Yes, and a vector Minkowski-orthogonal to a time-like vector is...

 

[cianfa72]

Yes, and a vector Minkowski-orthogonal to a time-like vector is...

Spacelike (if non-zero vector).

 

[Ibix]

I was assuming you'd calculate $s_as^a$ and see that it's opposite sign to $t_at^a$, but yes.

 

[cianfa72]

I was assuming you'd calculate $s_as^a$ and see that it's opposite sign to $t_at^a$, but yes.

$s_as^a = (v_a - (v_bt^b)t_a)(v^a-v_bt^bt^a) = v_av^a - (v_bt^b)v_at^a - (v_bt^b)t_av^a + (v_bt^b)^2t_at^a =$
$s_as^a = v_av^a - 2(v_bt^b)^2 + (v_bt^b)^2 = v_av^a - (v_bt^b)^2$

 

[Ibix]

Yup. From your final expression $s_as^a$ is manifestly negative if $v_av^a\leq 0$, but in the case that $v_av^a>0$ there's a tiny bit more work to do to show that $(v_av^a)\leq(v_at^a)^2$.

 

[cianfa72]

in the case that $v_av^a>0$ there's a tiny bit more work to do to show that $(v_av^a)\leq(v_at^a)^2$.

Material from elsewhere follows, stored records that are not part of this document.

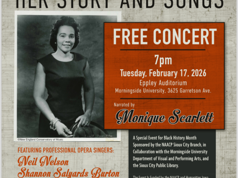 Sioux City NAACP hosts free Coretta Scott King program with live narration, music and Civil Rights storytelling at Morningside University.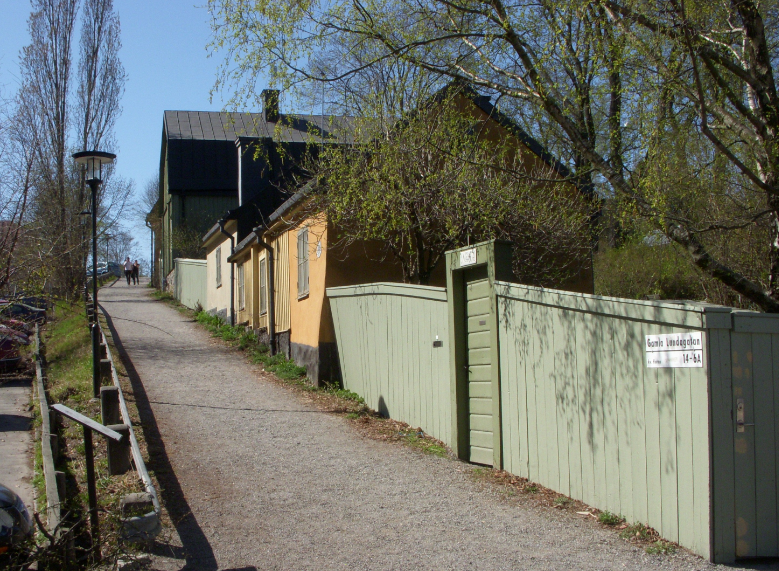 Yttersta Tvärgrändin varrella on myös vanhoja puutaloja. Koko tämä Södermlamin pohjoinen laue, Slussenilta länteen päin on todellakin idyllinen ja rauhallein alue. Täällä on jyrkkiä mäkiä ja portita joten tällä alueella kävely vaatii kuntoa.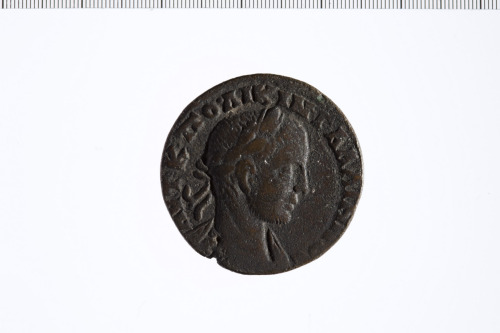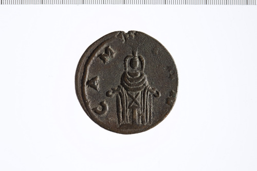 Busto laureato di Gallieno a d., paludato, corazzato, di tre quarti, di spalle; contorno perlinato.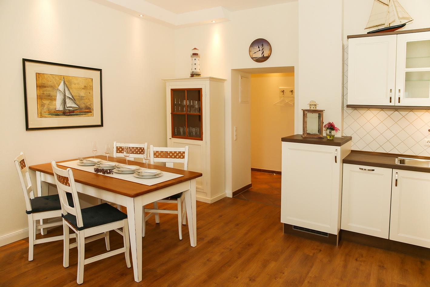 Das Wohn-und Esszimmer ist großzügig geschnitten, mit einer L-förmigen vollwertigen Küche (incl. Geschirrspülmaschine), einem Esstisch mit vier Stühlen sowie einer Sitzgruppe, bestehend aus Couch und zwei Sesseln, möbliert.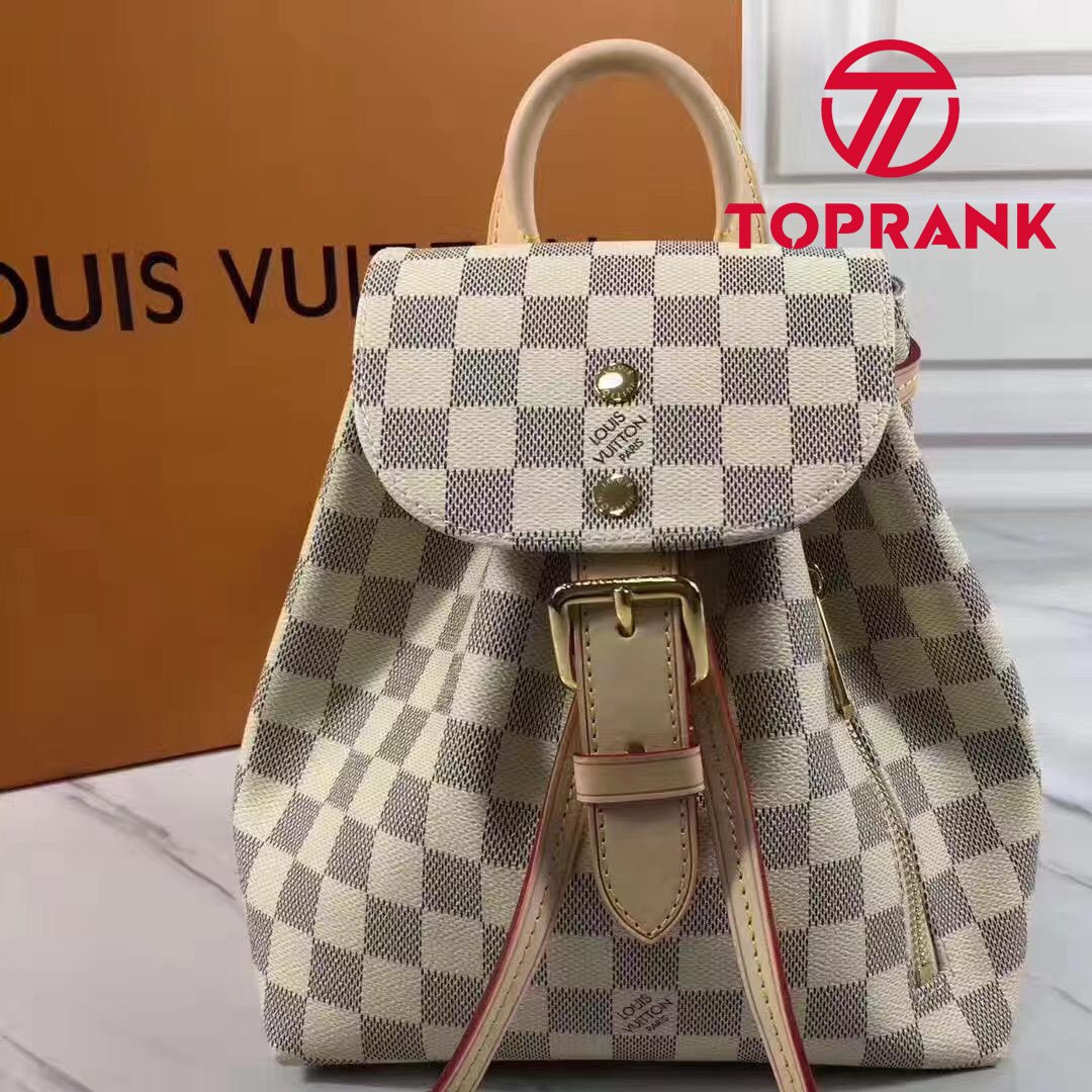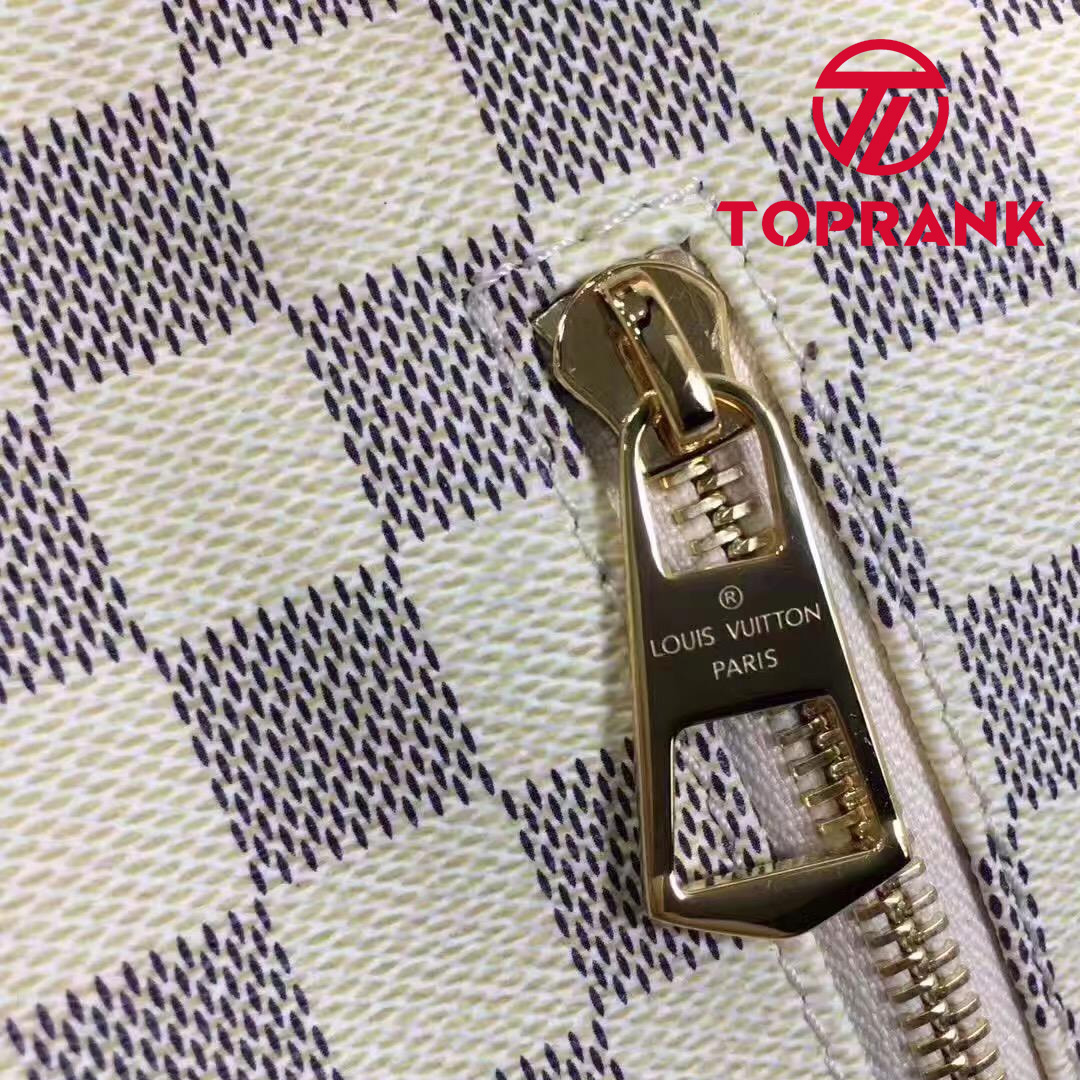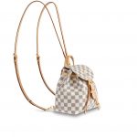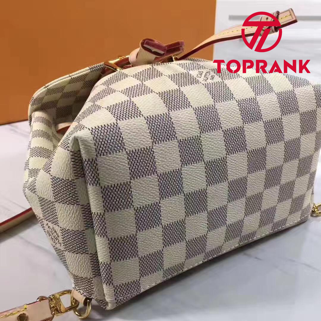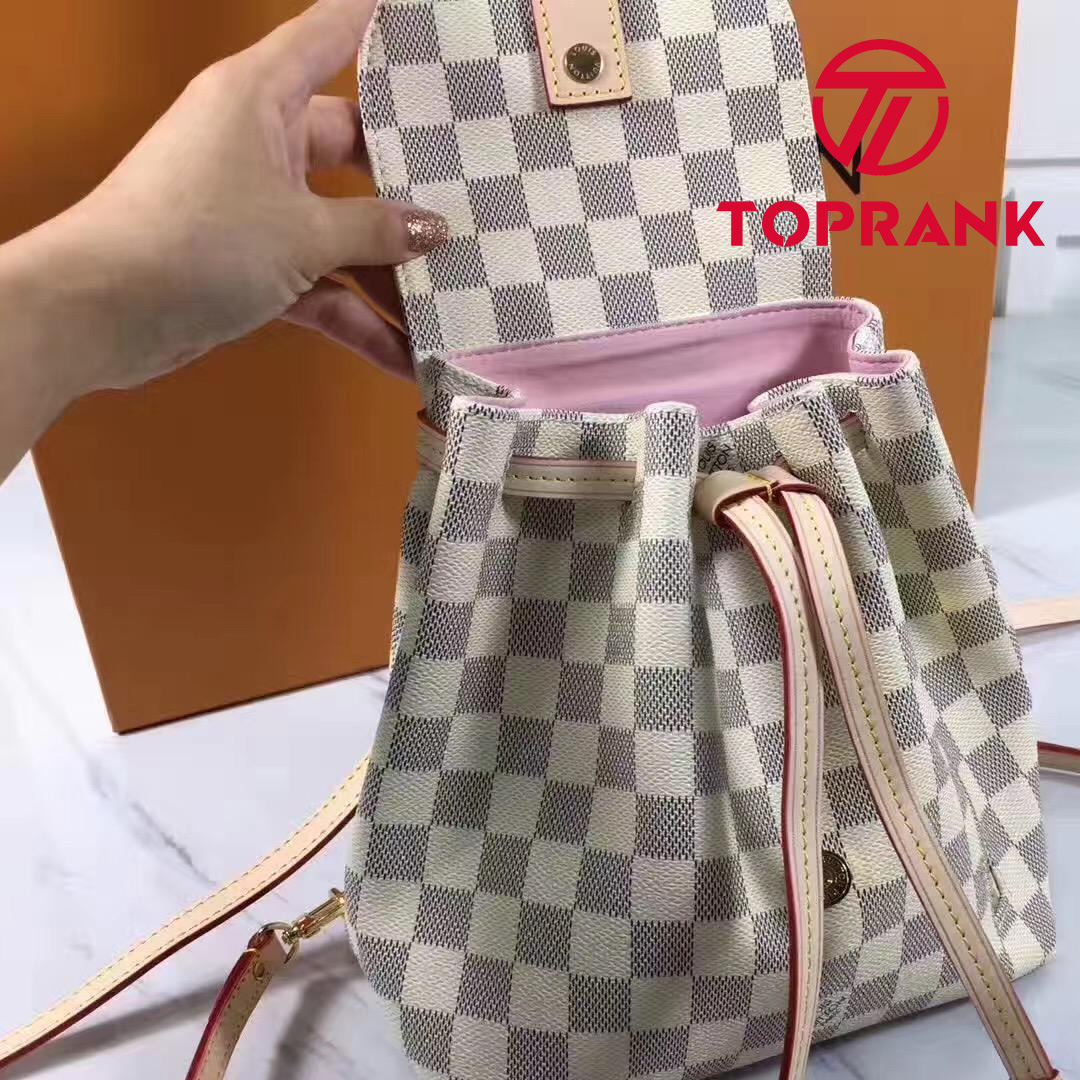 18.5 x 28 x 11.5 cm (Length x heightx width ) •7.3 x 11 x 4.5 inches•Damier Azur coated canvas exterior•Rose Ballerine microfiber lining•Natural cowhide leather trim•Shiny Gold colored metallic pieces•Puffed handle•2 adjustable flat shoulder / cross•body straps•Drawstring top closure secured by a flap and prong buckle closing system with magnet•Exterior zipped pocket•Interior smartphone pocket•Interior D•ring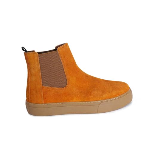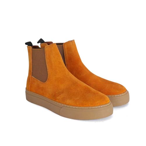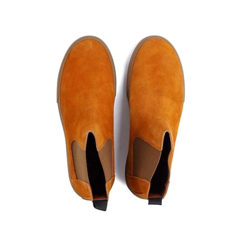 Generic - هاف بوت جلد شمواه للرجال، لون بيج داكن، تصميم سهل الارتداء (جملي، 43)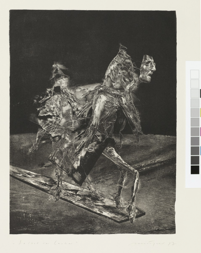 Galerie Selbst vor LacherMappe: Galerie Stübler "Eine Arbeitsbegegnung bei Kätelhön"Schablithografie, 38,2x28,5 65,0x50,5 cm, IV/XIII 1987Münzner Rolf

Supposing I did not any mistake before, I've no idea how to proceed .

 

[PeterDonis]

Take an arbitrary vector $v^a$ and an arbitrary unit timelike vector $t^a$.

The vectors can't be completely arbitrary since they must be linearly independent.

 

[Ibix]

The vectors can't be completely arbitrary since they must be linearly independent.

Yeah, you're right. If $v^a=kt^a$ for some constant $k$ then $s^a=0$. So you have to choose a unit timelike vector $t^a$, arbitrary except that it isn't parallel to $v^a$.

Supposing I did not any mistake before, I've no idea how to proceed .

What's $v_at^a$ in terms of $v_av^a$ and $t_at^a$, assuming $v^a$ is timelike?

 

[cianfa72]

What's $v_at^a$ in terms of $v_av^a$ and $t_at^a$, assuming $v^a$ is timelike?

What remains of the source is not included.